Where a record contains a picture, omit the picture and repeat the rest exactly.

---

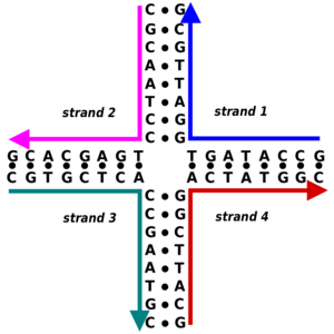 The complexes constructed in structural DNA nanotechnology use topologically branched nucleic acid structures containing junctions. (In contrast, most biological DNA exists as an unbranched double helix.) One of the simplest branched structures is a four-arm junction that consists of four individual DNA strands, portions of which are complementary in a specific pattern. Unlike in natural Holliday junctions, each arm in the artificial immobile four-arm junction has a different base sequence, causing the junction point to be fixed at a certain position. Multiple junctions can be combined in the same complex, such as in the widely used double-crossover (DX) structural motif, which contains two parallel double helical domains with individual strands crossing between the domains at two crossover points. Each crossover point is, topologically, a four-arm junction, but is constrained to one orientation, in contrast to the flexible single four-arm junction, providing a rigidity that makes the DX motif suitable as a structural building block for larger DNA complexes.[3][6]
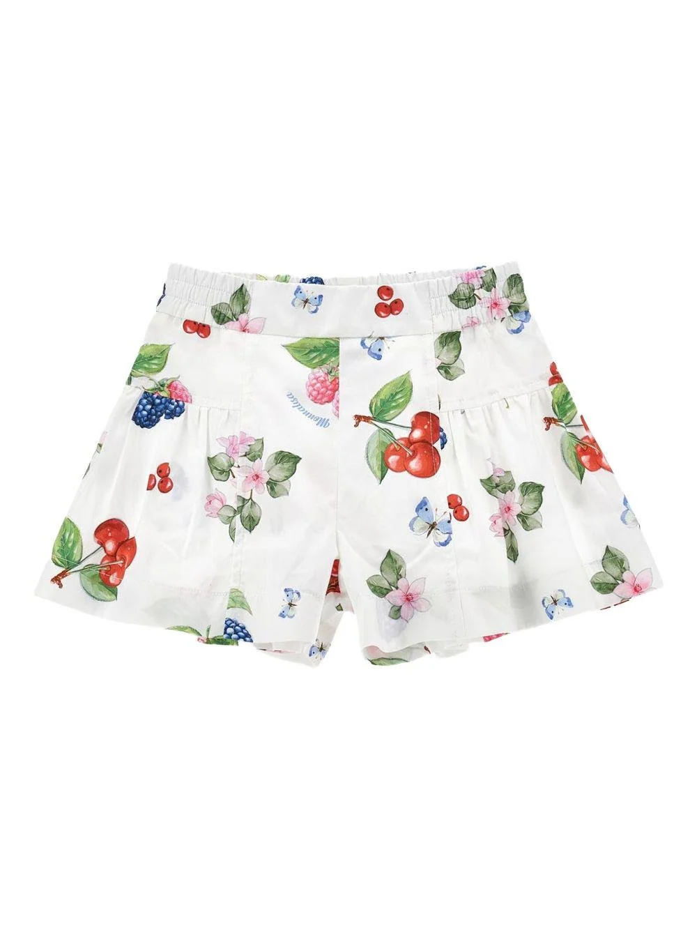 Shorts con stampa Monnalisa, bianco, stampa con frutta, vita elasticizzata, dettagli plissettati.
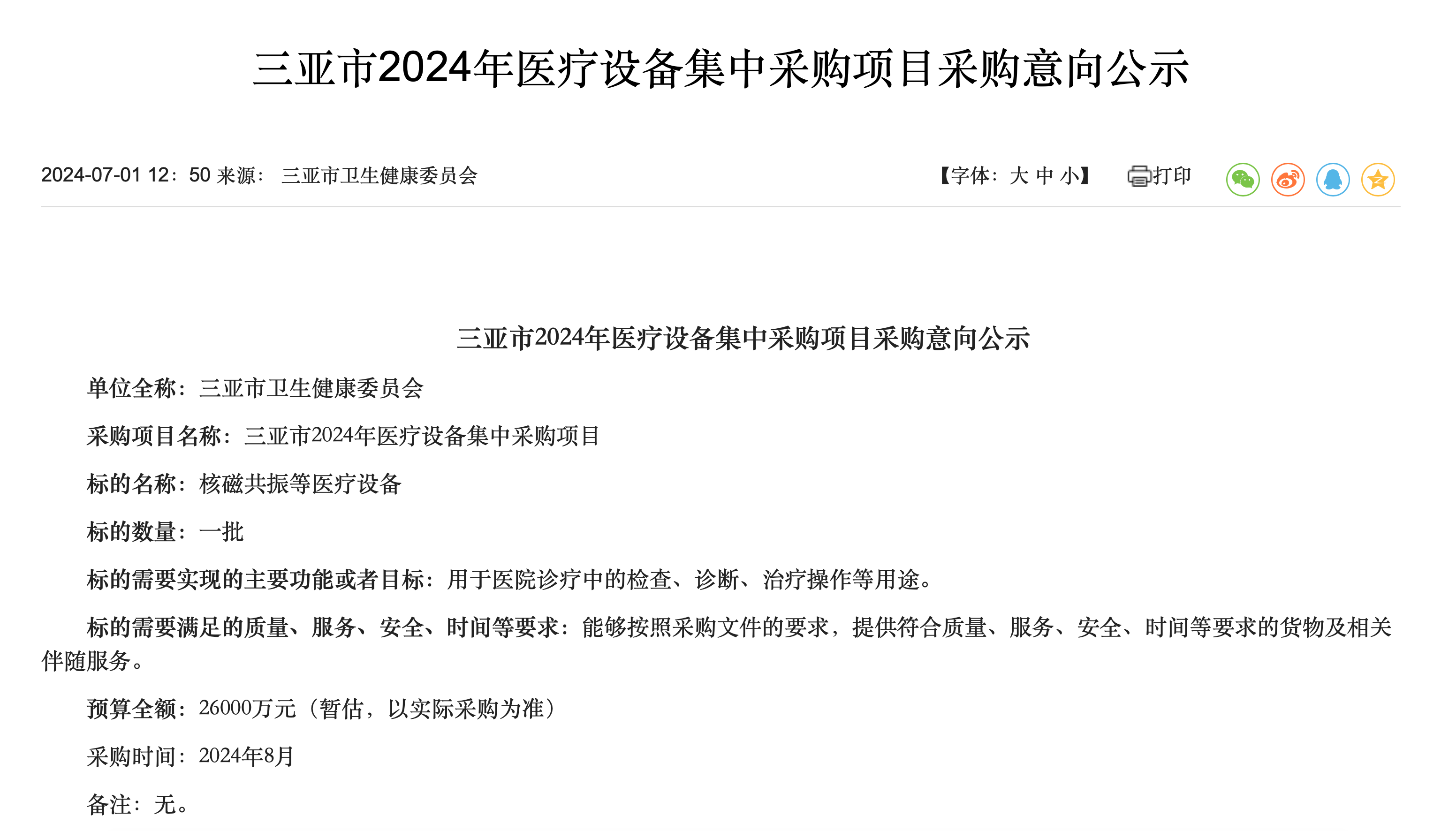 根據(jù)公示,三亞市衛(wèi)生健康委員會將在2024年8月采購一批核磁共振等醫(yī)療設(shè)備,預(yù)算全額26000萬元(暫估,以實(shí)際采購為準(zhǔn))。
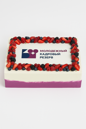 A classy Cream cake topped with fresh berries and a personalised edible logo, perfect for corporate celebrations and special milestones.
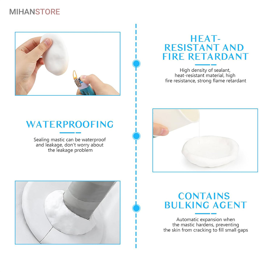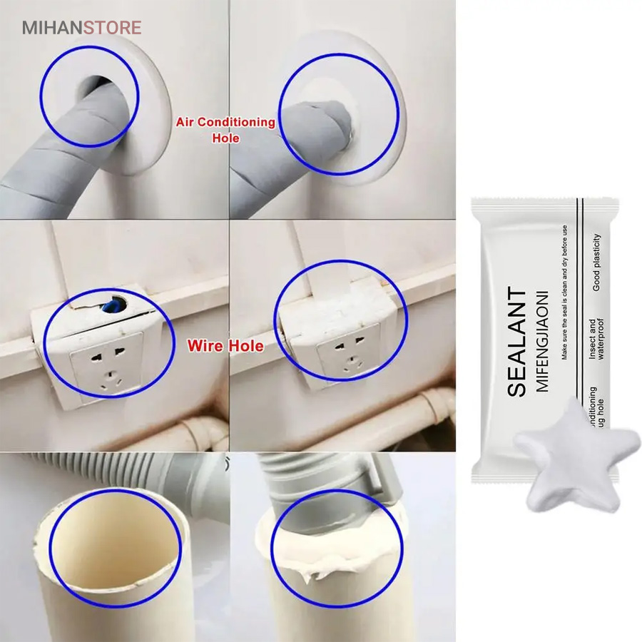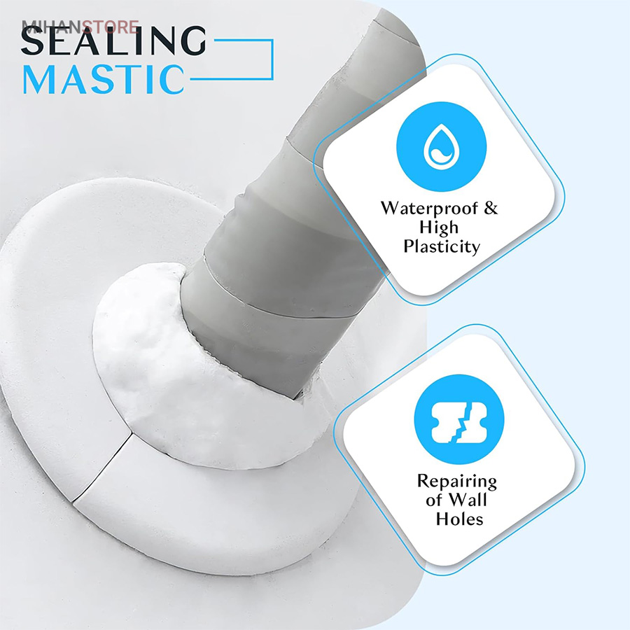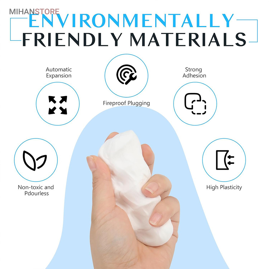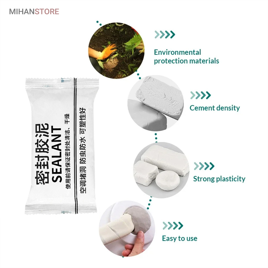 خمیر آب بندی و پر کننده منافذ از یک ماده مهندسی سازگار با محیط زیست ساخته شده است که ضد آب و مقاوم در برابر خوردگی است. در نتیجه، چگالی بالایی دارد و می تواند به طور موثری از ورود حیوانات جلوگیری کند. علاوه بر این، چسبندگی خوب آن، آن را برای وصله کردن سوراخ ها عالی می کند. خمیر آب بندی و پر کننده منافذ درزگیر ضد آب بسیار انعطاف پذیر است و می توانید آن را به هر شکلی که می خواهید مانند گرد، مربع، بلند بچرخانید. شما می توانید با توجه به اندازه واقعی سوراخ، آن را به شکل درز درآورید، استفاده از آن بسیار ساده و راحت است. بعد از استفاده و قرارگیری در محل بعد از دو ساعت شکل گیری خمیر به مرور سفت و بعد از یک روز کامل خشک و سخت می شود و کار با آن را بسیار آسان می کند. به سادگی شکاف را با درزگیر ضد آب جدید پر کنید و مهر و موم در چند ساعت سفت می شود. خمیر ساخته شده از مواد رسی دارای پلاستیک خوبی است و همراه با چسب خنک کننده است که می تواند سوراخ ها را به خوبی پر کند.استفاده از خمیر آب بندی ساده است،خمیر را با دست بر اساس مکانی که نیاز به تعمیر دارد به سطح بچسبانید.

---

- [Finished task]
 The complexes constructed in structural DNA nanotechnology use topologically branched nucleic acid structures containing junctions. (In contrast, most biological DNA exists as an unbranched double helix.) One of the simplest branched structures is a four-arm junction that consists of four individual DNA strands, portions of which are complementary in a specific pattern. Unlike in natural Holliday junctions, each arm in the artificial immobile four-arm junction has a different base sequence, causing the junction point to be fixed at a certain position. Multiple junctions can be combined in the same complex, such as in the widely used double-crossover (DX) structural motif, which contains two parallel double helical domains with individual strands crossing between the domains at two crossover points. Each crossover point is, topologically, a four-arm junction, but is constrained to one orientation, in contrast to the flexible single four-arm junction, providing a rigidity that makes the DX motif suitable as a structural building block for larger DNA complexes.[3][6]
 Shorts con stampa Monnalisa, bianco, stampa con frutta, vita elasticizzata, dettagli plissettati.
 根據(jù)公示,三亞市衛(wèi)生健康委員會將在2024年8月采購一批核磁共振等醫(yī)療設(shè)備,預(yù)算全額26000萬元(暫估,以實(shí)際采購為準(zhǔn))。
 A classy Cream cake topped with fresh berries and a personalised edible logo, perfect for corporate celebrations and special milestones.
 خمیر آب بندی و پر کننده منافذ از یک ماده مهندسی سازگار با محیط زیست ساخته شده است که ضد آب و مقاوم در برابر خوردگی است. در نتیجه، چگالی بالایی دارد و می تواند به طور موثری از ورود حیوانات جلوگیری کند. علاوه بر این، چسبندگی خوب آن، آن را برای وصله کردن سوراخ ها عالی می کند. خمیر آب بندی و پر کننده منافذ درزگیر ضد آب بسیار انعطاف پذیر است و می توانید آن را به هر شکلی که می خواهید مانند گرد، مربع، بلند بچرخانید. شما می توانید با توجه به اندازه واقعی سوراخ، آن را به شکل درز درآورید، استفاده از آن بسیار ساده و راحت است. بعد از استفاده و قرارگیری در محل بعد از دو ساعت شکل گیری خمیر به مرور سفت و بعد از یک روز کامل خشک و سخت می شود و کار با آن را بسیار آسان می کند. به سادگی شکاف را با درزگیر ضد آب جدید پر کنید و مهر و موم در چند ساعت سفت می شود. خمیر ساخته شده از مواد رسی دارای پلاستیک خوبی است و همراه با چسب خنک کننده است که می تواند سوراخ ها را به خوبی پر کند.استفاده از خمیر آب بندی ساده است،خمیر را با دست بر اساس مکانی که نیاز به تعمیر دارد به سطح بچسبانید.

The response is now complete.